### What is required
No images, please. Copy each entry below exactly as it reads.

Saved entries
-- Opening Marker --

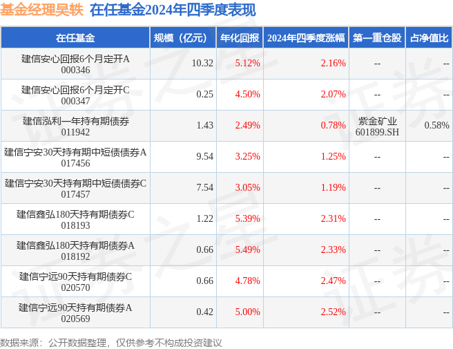 证券之星消息,日前建信泓利一年持有期债券基金公布四季报,2024年四季度最新规模1.43亿元,季度净值涨幅为0.78%。
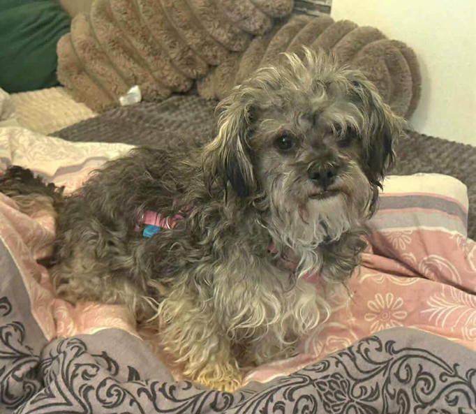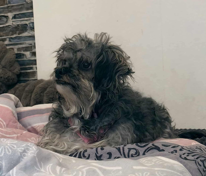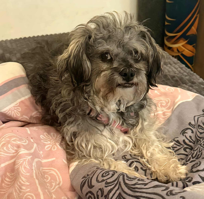 Joline ist eine sanfte, ruhige Hündin mit etwa 25 cm Schulterhöhe und rund 6 kg Leichtgewicht – perfekt zum Kuscheln und für gemütliche Spaziergänge. Sie bellt so gut wie nie und begegnet Fremden zunächst mit etwas Zurückhaltung, doch wenn sie Vertrauen gefasst hat, zeigt sie ihr fröhliches, liebevolles Wesen.
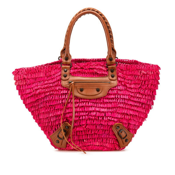 Balenciaga Handbag Basket Bag 286990 Pink Brown Raffia Leather Women\'s BALENCIAGA
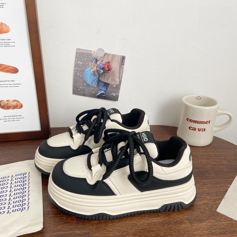 두꺼운 밑창 높이 증가 작은 흰색 신발 여성 인 조수 2024 봄 새로운 틈새 추악한 사랑스러운 빵 신발 스포츠 캐주얼 스케이트 신발스토어 가기
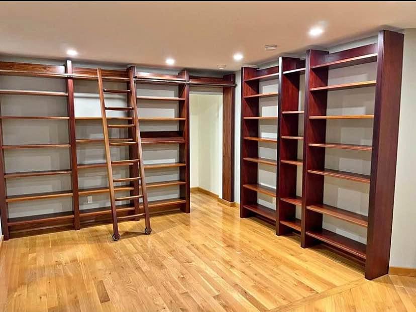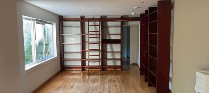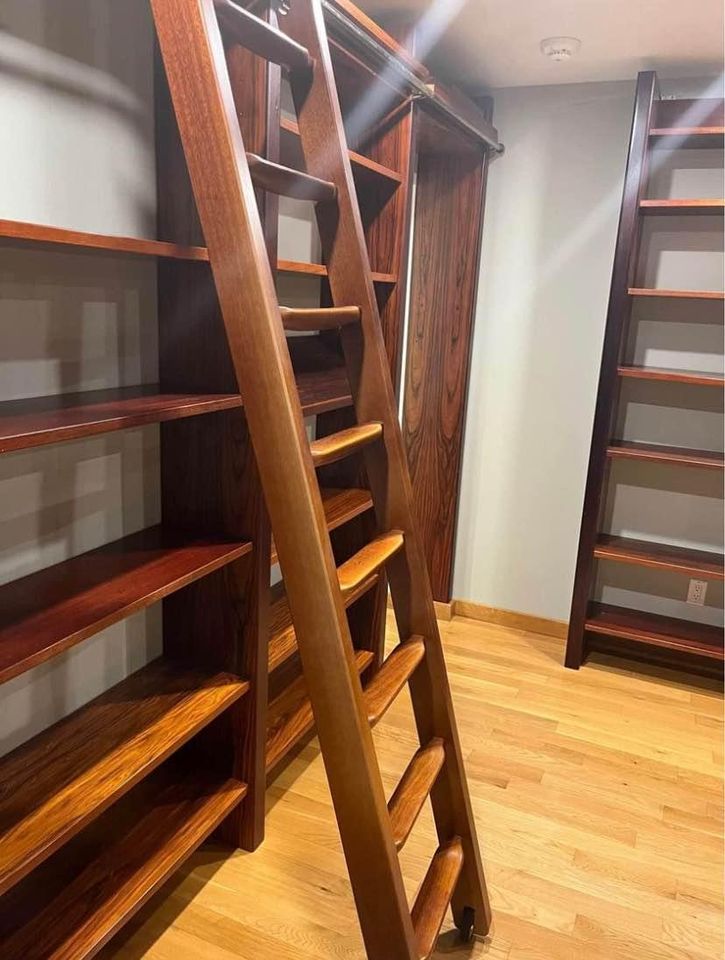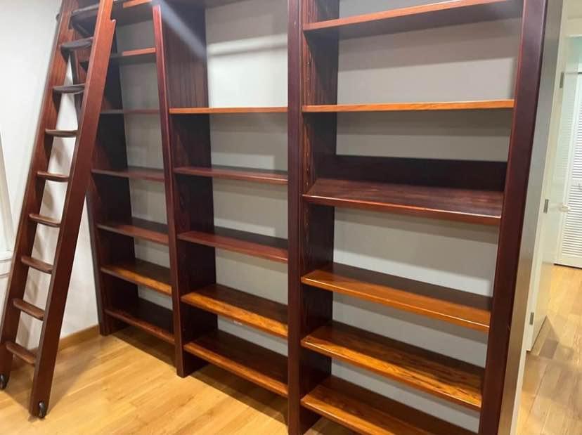 In my ten years in this industry, I have yet to encounter a more impressive method of book preservation. This expansive library showcases a distinctive fusion of rosewood and mahogany, complemented by a sliding ladder, presenting an impeccably sturdy and well-maintained ensemble. This piece was intricately crafted in Norway during the 1970s, and its minimalist design tastefully highlights the distinctive allure of the wood and its intricate grain patterns. Section 1 - 90x12x94” high Section 2 - 140.5x12x94 108.5” (with door portion) Shipping available (over ten years experience) worldwide! Follow us on Instagram! @PRAYFORMODERN We specialize in high quality Brazilian and Scandinavian teak and rosewood furniture and lighting from the 1950s-1970s. We are located in the heart of downtown Victoria and are currently meeting customers by appointment only. After something specific? Have something to sell? Send us a message!
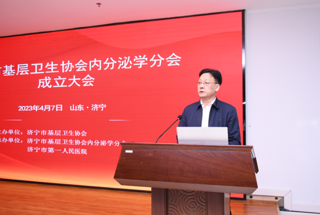 济宁市卫生健康委二级调研员、济宁市医学会常务副会长刘健,济宁市基层卫生协会副会长、济宁市公共卫生医疗中心党委副书记、院长刘仍强,济宁市第一人民医院理事长、副院长郭洪敏出席致辞。会议由济宁市基层卫生协会副秘书长张通主持。
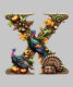 The design is a vibrant and festive representation of Thanksgiving, combining seasonal autumn elements with a playful cartoon turkey. At the heart of the image, the letter "X" stands out, adorned with vibrant leaves, pumpkins, and acorns, evoking a delicate autumnal atmosphere. Beside the letter stands a charming cartoon turkey, adding a touch of fun and personality to the design.
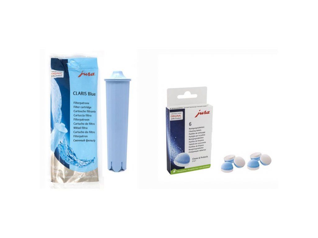 Originální filtr Jura Claris Blue + Jura čisticí tablety 6 ksProč záleží na kvalitní vodě a čistém kávovaru?Už jste si všimli, že stejná káva může chutnat pokaždé trochu jinak? Hlavní důvod je kvalita vody a čistota vašeho kávovaru. Dopřejte svému kávovaru pravidelnou péči a každé ráno si vychutnáte kávu přesně takovou, jakou máte nejraději.Vodní filtr Jura CLARIS Blue+ Káva se skládá z 98 % z vody, a proto je kvalitní filtrace klíčová pro dokonalou chuť. Filtr Jura CLARIS Blue+ kombinuje švýcarskou technologii iontové výměny s přírodními aktivními složkami uhlí pro maximální ochranu a hygienu už v zásobníku vody.Proč používat CLARIS Blue+? Není třeba odvápňovat – filtr eliminuje vodní kámen. Delší životnost kávovaru – ochrana všech komponentů uvnitř kávovaru. Čistější chuť – žádná cizí pachuť, plné aroma kávy.Životnost filtru je 50 litrů (cca 350 káv) nebo 2 měsíce používání.Kompatibilní s modely: JURA ENA Micro 90 JURA A1 JURA A7 JURA C65 JURA F9Tip: Jaký typ filtru použít pro váš kávovar, naleznete na patici nádobky na vodu (zbarvena modře -> Jura CLARIS Blue).Třífázové čisticí tablety (6 ks) Víte, co ovlivňuje chuť vaší kávy? Čistota varné jednotky. Kávové oleje a usazeniny postupně mění chuť, a právě proto Jura vyvinula unikátní třífázový systém čištění.Jura 3fázová čisticí tableta spolehlivě odstraňuje mastnotu z kávy. Kromě čištění také utěsňuje všechny trubky a oddaluje usazování kávového tuku s trvalou účinností. Navíc je v rámci jejich použití zajištěna trvalá ochrana před usazováním minerálů.Švýcarská preciznost S filtrem a čisticími tabletami Jura investujete do prověřené technologie od světového lídra v automatických kávovarech. Pravidelná péče s originálními produkty vám zaručí, že si budete svou kávu užívat v té nejvyšší kvalitě.Poznámka:• Přesný popis použití tohoto výrobku naleznete v návodu svého přístroje.Bezpečnostní zdroje JURA Czech s.r.o., Poděbradská 1020/30, 190 00 Praha 9Tel.: 848 808 404summary::-webkit-details-marker { display: none; } summary::marker { display: none; }Dodatočné parametre
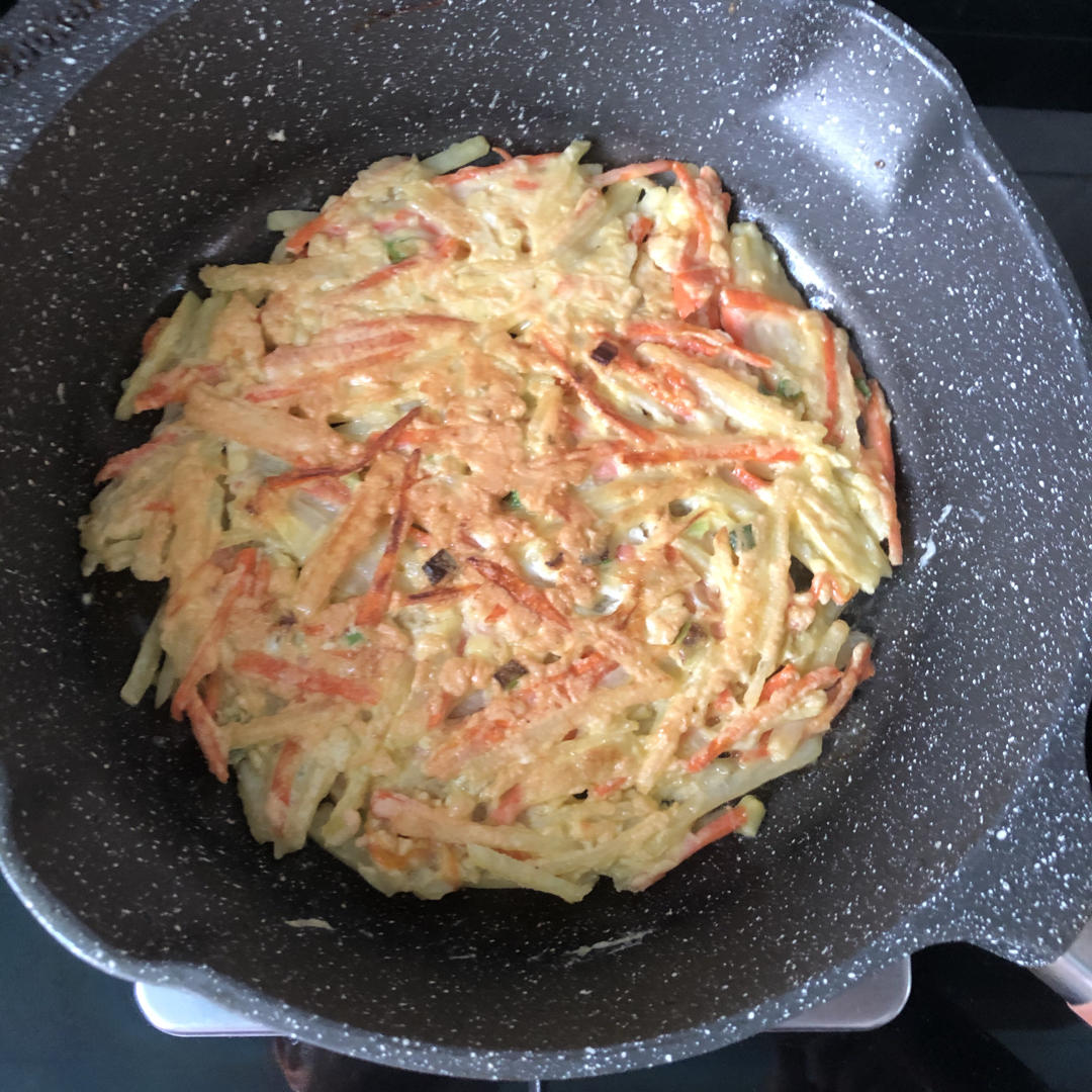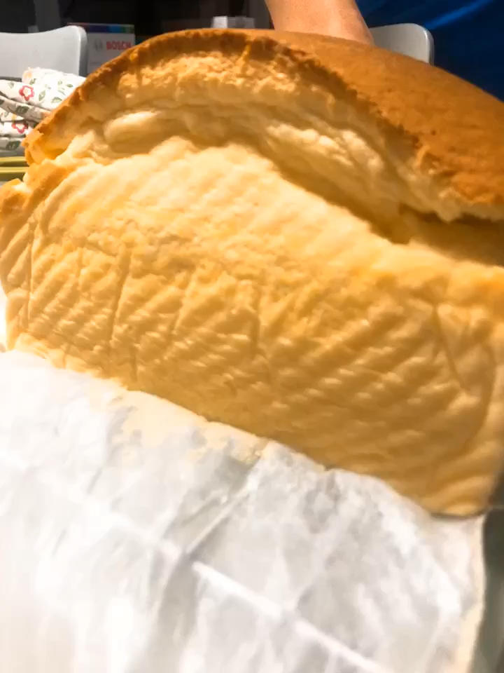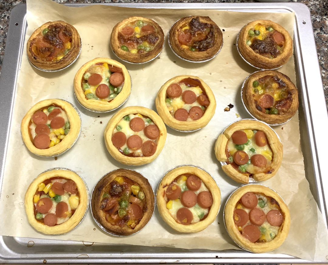 上火120、下火150,隔水,剩30分钟时盖上锡纸。未放芝士的那盒比放了芝士的涨得高得多,触顶焦了一点。
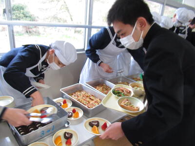 本日は3年生が最後に食べる給食の日。お祝いメニューで「ランチバイキング」を行いました。
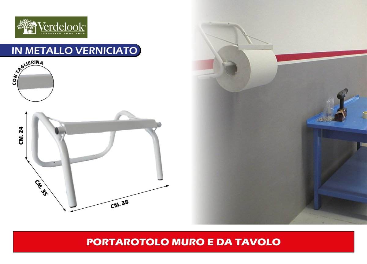 Biacchi Portarotolo Industriale Murale o da Tavolo 40×26×36 cm, Metallo Tubolare Ø20 mm, Verniciato
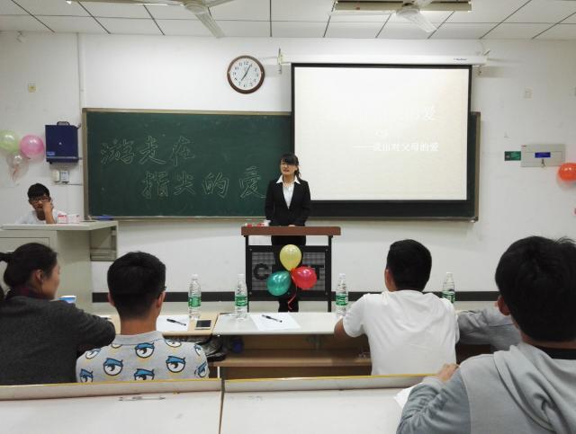 活动现场,首先用一段爱意浓浓的微电影展勾起了同学们对父母的思念,随后参赛者分别用书信,短信,朗诵的方式展示对父母的爱和感恩。书信组共约8个人参赛,他们分别用一份长长的信表达他们对父母的爱。就像余光中的《乡愁》诗说的“乡愁是一枚小小的邮票”,离家在外,总有淡淡的乡愁和对父母思念。短信组共9组,其中天美传媒

-- Closing Marker --

### Expected answer
 证券之星消息,日前建信泓利一年持有期债券基金公布四季报,2024年四季度最新规模1.43亿元,季度净值涨幅为0.78%。
 Joline ist eine sanfte, ruhige Hündin mit etwa 25 cm Schulterhöhe und rund 6 kg Leichtgewicht – perfekt zum Kuscheln und für gemütliche Spaziergänge. Sie bellt so gut wie nie und begegnet Fremden zunächst mit etwas Zurückhaltung, doch wenn sie Vertrauen gefasst hat, zeigt sie ihr fröhliches, liebevolles Wesen.
 Balenciaga Handbag Basket Bag 286990 Pink Brown Raffia Leather Women\'s BALENCIAGA
 두꺼운 밑창 높이 증가 작은 흰색 신발 여성 인 조수 2024 봄 새로운 틈새 추악한 사랑스러운 빵 신발 스포츠 캐주얼 스케이트 신발스토어 가기
 In my ten years in this industry, I have yet to encounter a more impressive method of book preservation. This expansive library showcases a distinctive fusion of rosewood and mahogany, complemented by a sliding ladder, presenting an impeccably sturdy and well-maintained ensemble. This piece was intricately crafted in Norway during the 1970s, and its minimalist design tastefully highlights the distinctive allure of the wood and its intricate grain patterns. Section 1 - 90x12x94” high Section 2 - 140.5x12x94 108.5” (with door portion) Shipping available (over ten years experience) worldwide! Follow us on Instagram! @PRAYFORMODERN We specialize in high quality Brazilian and Scandinavian teak and rosewood furniture and lighting from the 1950s-1970s. We are located in the heart of downtown Victoria and are currently meeting customers by appointment only. After something specific? Have something to sell? Send us a message!
 济宁市卫生健康委二级调研员、济宁市医学会常务副会长刘健,济宁市基层卫生协会副会长、济宁市公共卫生医疗中心党委副书记、院长刘仍强,济宁市第一人民医院理事长、副院长郭洪敏出席致辞。会议由济宁市基层卫生协会副秘书长张通主持。
 The design is a vibrant and festive representation of Thanksgiving, combining seasonal autumn elements with a playful cartoon turkey. At the heart of the image, the letter "X" stands out, adorned with vibrant leaves, pumpkins, and acorns, evoking a delicate autumnal atmosphere. Beside the letter stands a charming cartoon turkey, adding a touch of fun and personality to the design.
 Originální filtr Jura Claris Blue + Jura čisticí tablety 6 ksProč záleží na kvalitní vodě a čistém kávovaru?Už jste si všimli, že stejná káva může chutnat pokaždé trochu jinak? Hlavní důvod je kvalita vody a čistota vašeho kávovaru. Dopřejte svému kávovaru pravidelnou péči a každé ráno si vychutnáte kávu přesně takovou, jakou máte nejraději.Vodní filtr Jura CLARIS Blue+ Káva se skládá z 98 % z vody, a proto je kvalitní filtrace klíčová pro dokonalou chuť. Filtr Jura CLARIS Blue+ kombinuje švýcarskou technologii iontové výměny s přírodními aktivními složkami uhlí pro maximální ochranu a hygienu už v zásobníku vody.Proč používat CLARIS Blue+? Není třeba odvápňovat – filtr eliminuje vodní kámen. Delší životnost kávovaru – ochrana všech komponentů uvnitř kávovaru. Čistější chuť – žádná cizí pachuť, plné aroma kávy.Životnost filtru je 50 litrů (cca 350 káv) nebo 2 měsíce používání.Kompatibilní s modely: JURA ENA Micro 90 JURA A1 JURA A7 JURA C65 JURA F9Tip: Jaký typ filtru použít pro váš kávovar, naleznete na patici nádobky na vodu (zbarvena modře -> Jura CLARIS Blue).Třífázové čisticí tablety (6 ks) Víte, co ovlivňuje chuť vaší kávy? Čistota varné jednotky. Kávové oleje a usazeniny postupně mění chuť, a právě proto Jura vyvinula unikátní třífázový systém čištění.Jura 3fázová čisticí tableta spolehlivě odstraňuje mastnotu z kávy. Kromě čištění také utěsňuje všechny trubky a oddaluje usazování kávového tuku s trvalou účinností. Navíc je v rámci jejich použití zajištěna trvalá ochrana před usazováním minerálů.Švýcarská preciznost S filtrem a čisticími tabletami Jura investujete do prověřené technologie od světového lídra v automatických kávovarech. Pravidelná péče s originálními produkty vám zaručí, že si budete svou kávu užívat v té nejvyšší kvalitě.Poznámka:• Přesný popis použití tohoto výrobku naleznete v návodu svého přístroje.Bezpečnostní zdroje JURA Czech s.r.o., Poděbradská 1020/30, 190 00 Praha 9Tel.: 848 808 404summary::-webkit-details-marker { display: none; } summary::marker { display: none; }Dodatočné parametre
 上火120、下火150,隔水,剩30分钟时盖上锡纸。未放芝士的那盒比放了芝士的涨得高得多,触顶焦了一点。
 本日は3年生が最後に食べる給食の日。お祝いメニューで「ランチバイキング」を行いました。
 Biacchi Portarotolo Industriale Murale o da Tavolo 40×26×36 cm, Metallo Tubolare Ø20 mm, Verniciato
 活动现场,首先用一段爱意浓浓的微电影展勾起了同学们对父母的思念,随后参赛者分别用书信,短信,朗诵的方式展示对父母的爱和感恩。书信组共约8个人参赛,他们分别用一份长长的信表达他们对父母的爱。就像余光中的《乡愁》诗说的“乡愁是一枚小小的邮票”,离家在外,总有淡淡的乡愁和对父母思念。短信组共9组,其中天美传媒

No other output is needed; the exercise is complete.